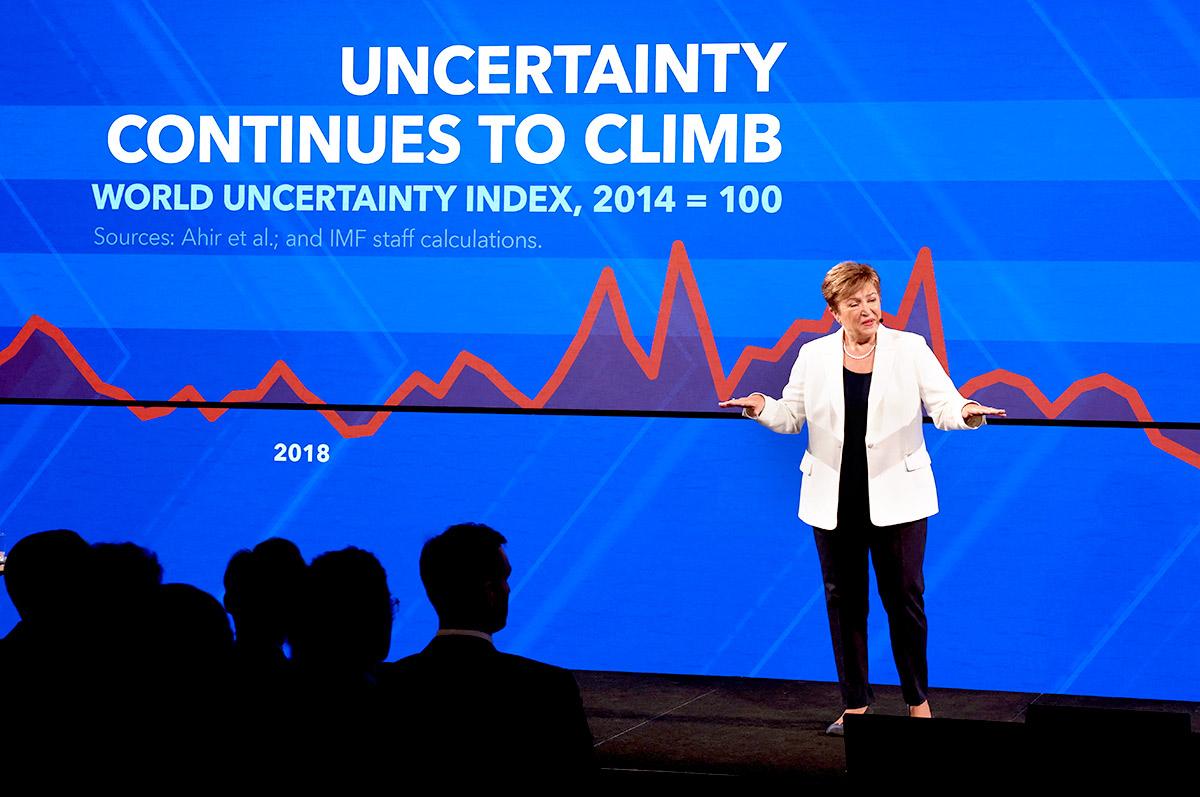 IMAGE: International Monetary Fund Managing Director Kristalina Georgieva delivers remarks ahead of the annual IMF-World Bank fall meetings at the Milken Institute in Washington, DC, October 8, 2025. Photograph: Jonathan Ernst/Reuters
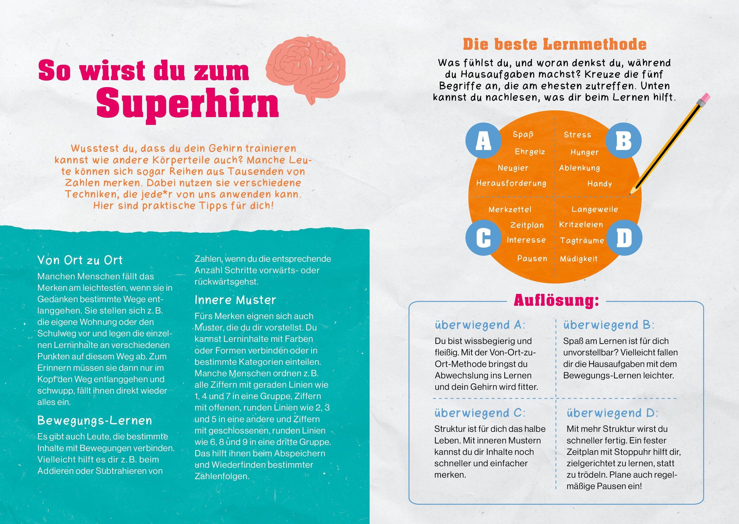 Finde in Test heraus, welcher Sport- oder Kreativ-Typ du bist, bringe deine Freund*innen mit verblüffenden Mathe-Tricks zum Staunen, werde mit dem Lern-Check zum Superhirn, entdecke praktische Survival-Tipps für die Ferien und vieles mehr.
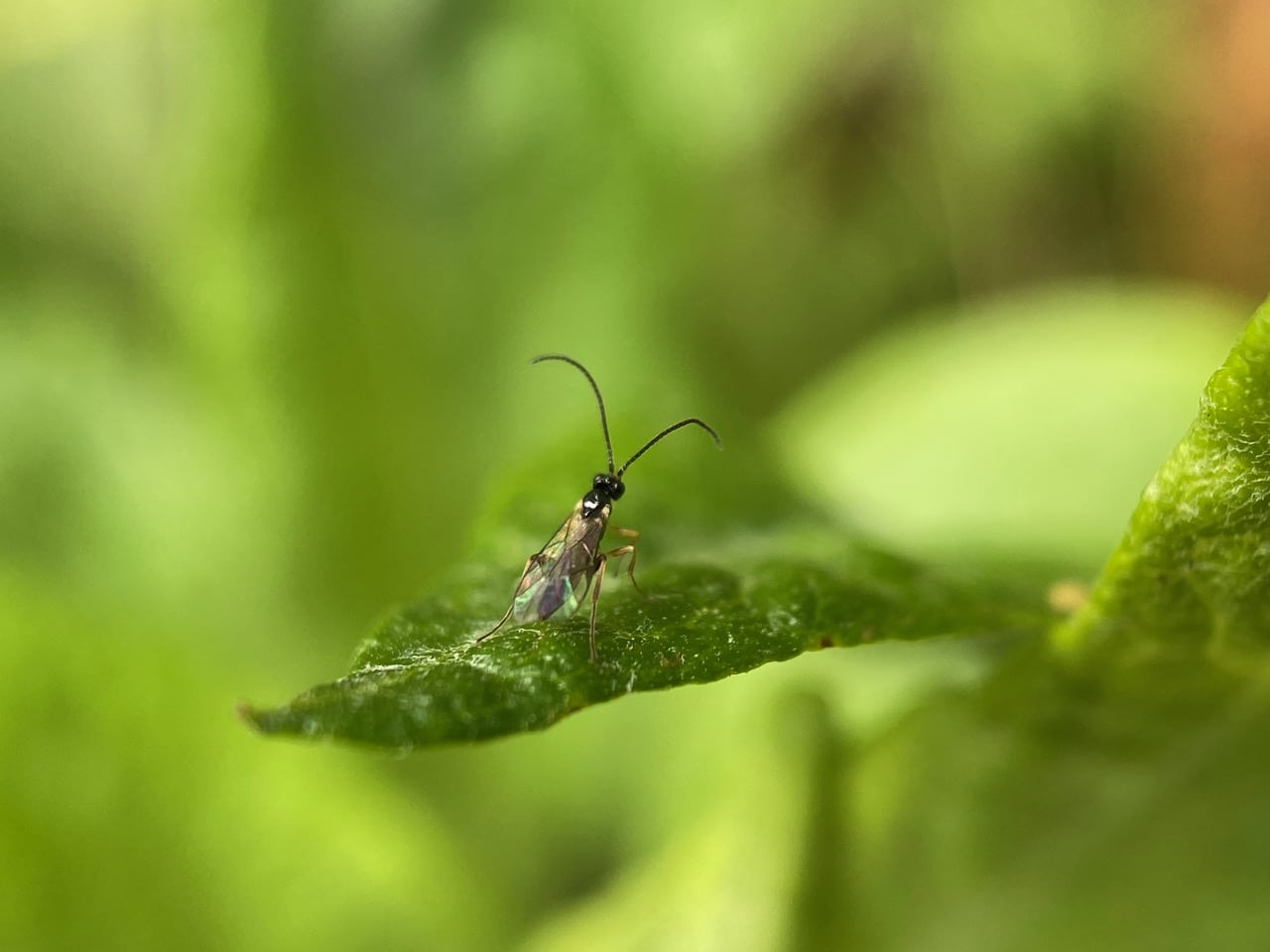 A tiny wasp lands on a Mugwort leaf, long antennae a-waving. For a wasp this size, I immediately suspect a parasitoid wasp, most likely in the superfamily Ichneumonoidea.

◆ ◆ ◆ ◆ ◆

WHAT YOU ARE ASKED TO DO → The answer should consist only of the lines from the one with "Finde in Test" through the last line of the material above, copied exactly, with no pictures.

REPLY TO THE EXERCISE →
 Finde in Test heraus, welcher Sport- oder Kreativ-Typ du bist, bringe deine Freund*innen mit verblüffenden Mathe-Tricks zum Staunen, werde mit dem Lern-Check zum Superhirn, entdecke praktische Survival-Tipps für die Ferien und vieles mehr.
 A tiny wasp lands on a Mugwort leaf, long antennae a-waving. For a wasp this size, I immediately suspect a parasitoid wasp, most likely in the superfamily Ichneumonoidea.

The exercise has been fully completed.